Ben Tre is a province in the Mekong Delta, approximately 85 kilometres south of Ho Chi Minh City, Vietnam. With a prime location at the end of the Mekong River, Ben Tre is home to complex canal networks, coconut and fruit gardens and is a haven for ecotourism. The city is home to interesting museums, bird sanctuaries and a wealth of incredible food and architecture.
Begin a city discovery at Ben Tre Museum, a beautiful French colonial style building filled with artefacts, photographs and revolutionary history. The museum tells the story of the Vietnam War, Dong Khoi Revolution and the famous women’s army of the Viet Cong. It’s a fascinating insight into world-changing events. To the east of Ben Tre lies Vam Ho Bird Sanctuary, a magical place with wild forests and an abundance of birdlife.
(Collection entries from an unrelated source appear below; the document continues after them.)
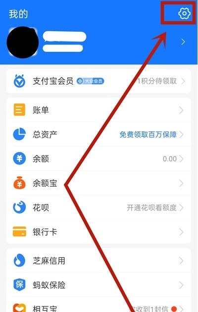 1、打开支付宝应用,进入后点击底部导航栏的【我的】选项,接着点击页面右上角的【设置】图标。
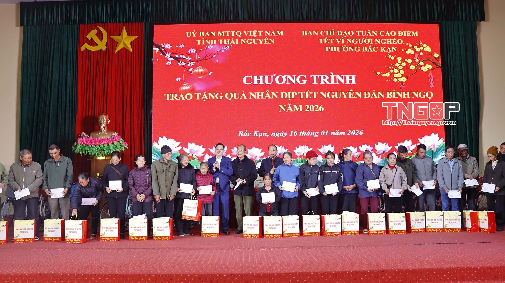 Nhân dịp tết Nguyên đán Bính Ngọ 2026, chiều 16/1, Đoàn công tác của tỉnh do đồng chí Đinh Quang Tuyên, Phó Bí thư Tỉnh ủy, Chủ tịch Ủy ban MTTQ tỉnh làm Trưởng đoàn đã trao quà Tết cho hộ nghèo, cận nghèo và học sinh có hoàn cảnh khó khăn trên địa bàn xã Tân Kỳ và phường Bắc Kạn.
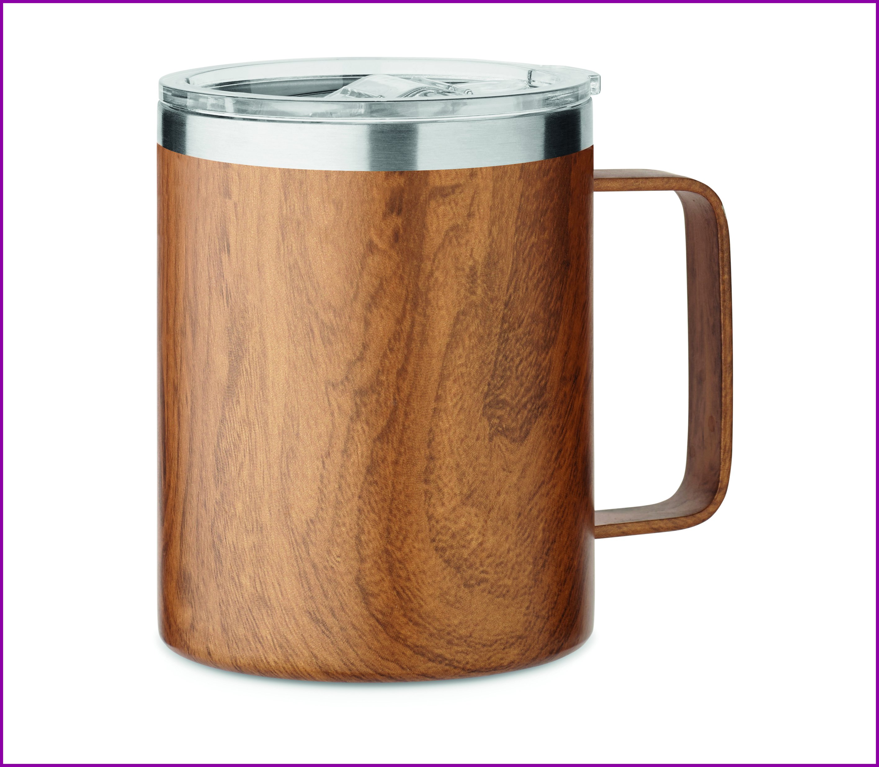 Kaksiseinäinen kierrätetystä ruostumattomasta teräksestä (90 % kierrätettyä ruostumatonta terästä ja 10 % ruostumatonta terästä) valmistettu termosmuki, jossa on puupintaa jäljittelevä pinnoite. Tilavuus: 300 ml.
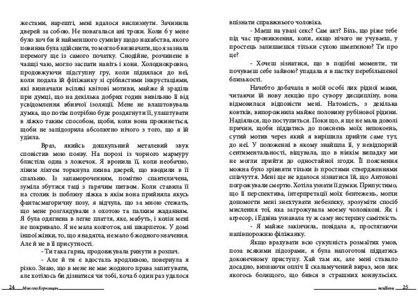 - Маєш на увазі секс? Сам акт? Біль, що ріже тебе під час проникнення, коли, якщо нічого не учуваєш, у простець залишаєшся тільки сухою шматиною? Ти про це?
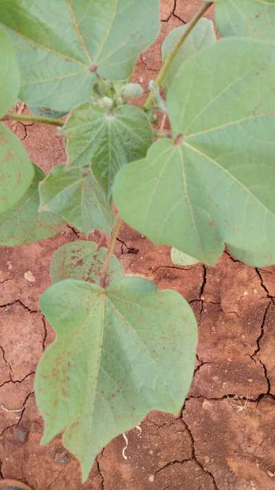 ಹೆಲೋ Gr Bhandari. ತಾವು ಕಳಿಸಿದ ಚಿತ್ರದ ಪ್ರಕಾರವಾಗಿ ತಮ್ಮ ಬೆಳೆಯ ಮೇಲೆ ಕೆಂಪು ಇರುವುದು ಮಣ್ಣು ತಗುಲಿದೆ ಅನಿಸುತ್ತೆ. ಈ ಚಿತ್ರದ ಪ್ರಕಾರವಾಗಿ ತಮ್ಮ ಹತ್ತಿ ಬೆಳೆ Healthy ಇದೆ.
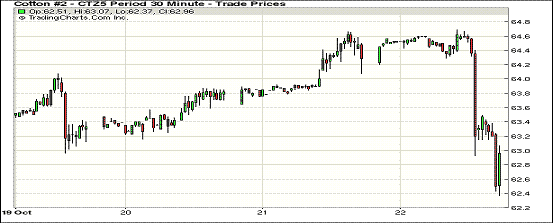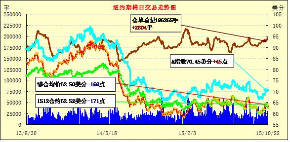 10月22日,受美元指數(shù)上漲,紐約期棉獲利回吐,所有合約大幅收跌;1512月合約結(jié)算價(jià)62.52美分/磅,跌171點(diǎn),1603月合約62.37美分,跌168點(diǎn)。當(dāng)日主力合約最高漲至64.69美分/磅,后遇阻力下探。后半場交易時賣盤打壓,買盤觀望,合約價(jià)下跌。周四公布的美棉最新出口顯示,截至15日當(dāng)周,美棉新花簽約量穩(wěn)定,本年度美棉簽約已達(dá)預(yù)計(jì)簽約總量的36%。當(dāng)日德州平原繼續(xù)降雨,但預(yù)計(jì)周五放晴。
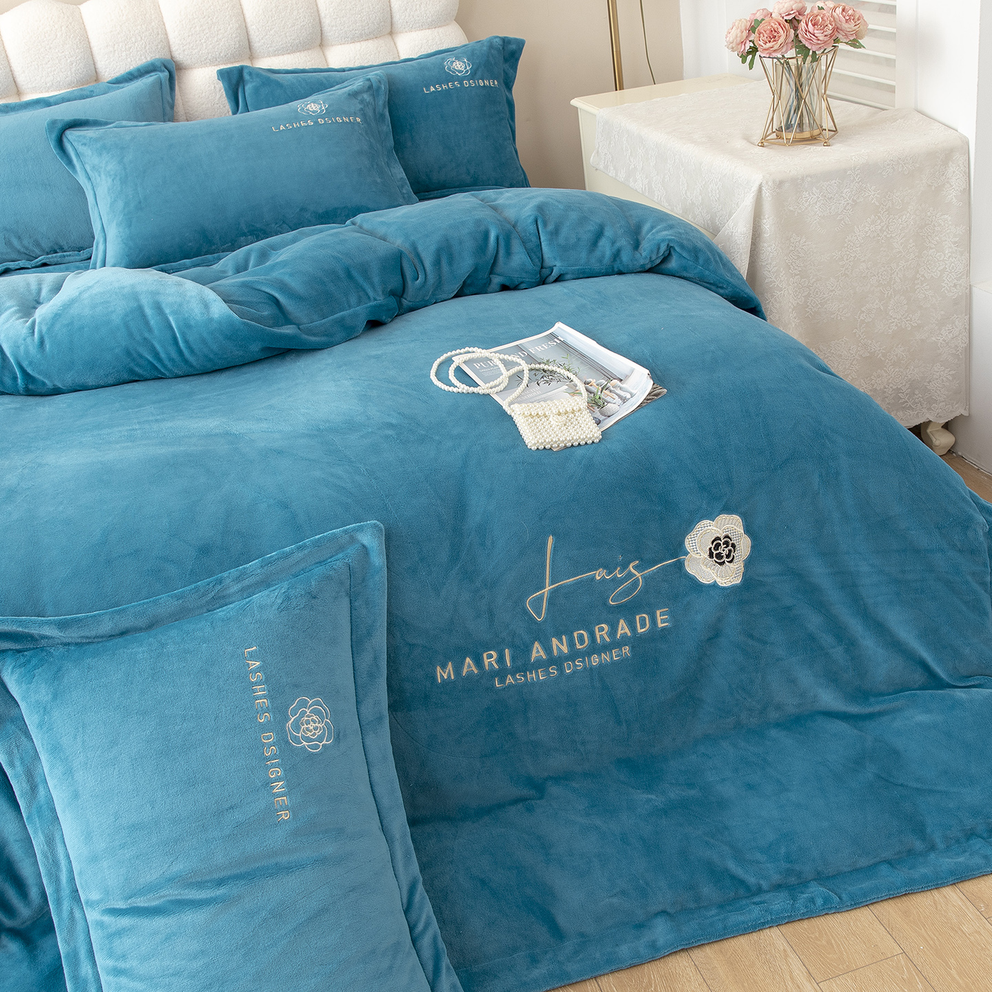 (总)贝尔 2025新款牛奶绒刺绣四件套-花语系列,花语-豆沙,花语-粉色,花语-高级灰,花语-蓝色,花语-浅绿,花语-玉色
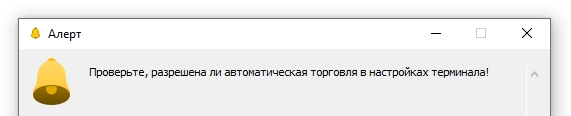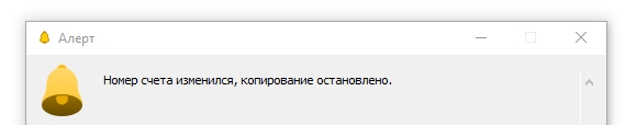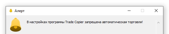 В Trade Copier есть функции, которые помогают избежать ошибочной работы копировальщика. При срабатывании данных функций, копировальщик выводит на график Алерт с предупреждением:

Over 80 species of bird reside here, including half a million storks which frequent the area from April to October. All visitors to Ben Tre should spend time drifting down the Mekong River in a boat, as it’s the ideal place to learn about the culture and history of the people, and explore ever-changing scenery from the water. Ben Tre is famous for its coconut candy. The region is rich with orchard fruits and coconuts, locals and tourists love it. Take a trip to one of the coconut candy factories, view the entire candy making process and enjoy a sample or two. Eating out in Ben Tre is an exciting experience, don’t forget to try local specialties of broken rice, pounded banana with coconut milk and Bot Xat bread soup made from rice flour, duck meat and fish sauce.
Ben Tre can be reached from Ho Chi Minh City by bus, with the journey taking around 2 hours. Alternatively, there are several buses which operate in Ben Tre and around the Mekong River Delta. Ferry trips are available, although a bus or taxi ride will be needed to access the city centre. Live like a local and hire a bicycle, as they can be rented on the north bank of the river and is a great way to explore the orchards and palm-lined waterfront areas.
In the 17th century, Ben Tre was wild marshland prone to flooding, the fertile terrain made it easy to cultivate rice, fruit orchards and coconuts, which the region became famous for. Today, Ben Tre produces around 242 million nuts per year. During the Vietnam War, Ben Tre played a key part and was almost destroyed by allied forces. Ben Tre is a unique area set on the banks of the Mekong with an intriguing rich heritage every traveller should explore.